※本記事は日本レスリング協会に掲載されていたものです。
(文・撮影=増渕由気子) 2年連続3兄弟優勝の田窪兄弟。左から成将、育明、剛共、松江クラブの高村行雄代表
快挙達成に、長男の成将は「うれしいです。プレッシャーもあったけど、3人で今まで頑張ってきて(勝つ)自信はありました。結果がついてくると信じて試合に出ました」と喜びの声。
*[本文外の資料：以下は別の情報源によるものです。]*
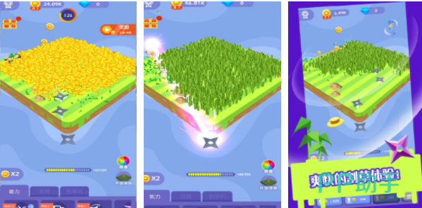 《割草大赛》是一款非常休闲的小游戏,无聊的朋友们可以通过玩游戏来打发时间,改善一下你百无聊赖的生活。这里你可以割掉一块块的草地,通过割草的劳动获得金钱,割的草越多,获得的金钱也就越多。我们可以通过玩游戏获得的金钱去,去获得更先进的割草机和武器,感谢感兴趣的朋友们,赶紧下载游戏开始割草吧!

成将にとって自分の試合のほか、やることがもう一つあった。弟たちのまとめ役だ。「自分が一番上なので、2人の面倒を見たり、(2人が)ケンカしないようにしたりとかが大変だった。2人とも一生懸命僕についてきてくれました」と、3人が一体となってつかんだ2年連続3兄弟優勝だった。
■警視庁コーチの熱い応援の理由は?
次男で4年生45kg級の育明と三男で2年生26kg級に出場した剛共は、ともに2連覇を達成した。決勝の試合順は次男、長男、三男。“おおとり”は三男の剛共だった。次男の育明は安定感があったが、剛共は「体重も軽くて体も細いから…」と、不安要素があった。
3連覇を達成するとともに、弟2人をまとめた長男・成将
島根県在住の3兄弟の試合が始まると、セコンドには警視庁第六機動隊の関係者が自然と集まってきた。その中には全日本のコーチを務める田南部力コーチや豊田雅俊コーチなどの姿も。3人の優勝が決まると、自分の所属選手のように喜んだ。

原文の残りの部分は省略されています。